RECORDS FOR PROCESSING:
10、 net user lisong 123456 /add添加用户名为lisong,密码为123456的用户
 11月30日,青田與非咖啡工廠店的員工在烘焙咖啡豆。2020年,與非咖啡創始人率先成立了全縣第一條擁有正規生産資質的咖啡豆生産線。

* * *

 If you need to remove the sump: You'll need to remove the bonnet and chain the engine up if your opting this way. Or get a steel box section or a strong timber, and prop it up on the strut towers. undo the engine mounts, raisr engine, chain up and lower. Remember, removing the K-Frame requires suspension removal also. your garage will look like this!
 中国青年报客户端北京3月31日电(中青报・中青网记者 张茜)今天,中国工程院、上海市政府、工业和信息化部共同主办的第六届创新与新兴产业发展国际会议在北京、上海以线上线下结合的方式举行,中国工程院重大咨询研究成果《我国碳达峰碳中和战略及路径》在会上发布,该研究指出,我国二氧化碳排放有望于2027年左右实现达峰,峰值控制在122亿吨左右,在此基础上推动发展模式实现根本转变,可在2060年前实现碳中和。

* * *

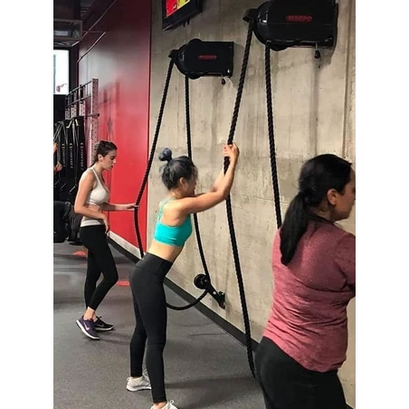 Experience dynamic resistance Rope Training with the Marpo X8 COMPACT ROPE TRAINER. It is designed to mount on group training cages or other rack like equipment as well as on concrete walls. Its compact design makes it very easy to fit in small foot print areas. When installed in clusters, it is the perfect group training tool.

ASSIGNMENT: Look back at the entries above. Retype the line with "10、 net user", the line with "11月30日,青田與非咖啡工", and all lines in between.

FINISHED TASK:
10、 net user lisong 123456 /add添加用户名为lisong,密码为123456的用户
 11月30日,青田與非咖啡工廠店的員工在烘焙咖啡豆。2020年,與非咖啡創始人率先成立了全縣第一條擁有正規生産資質的咖啡豆生産線。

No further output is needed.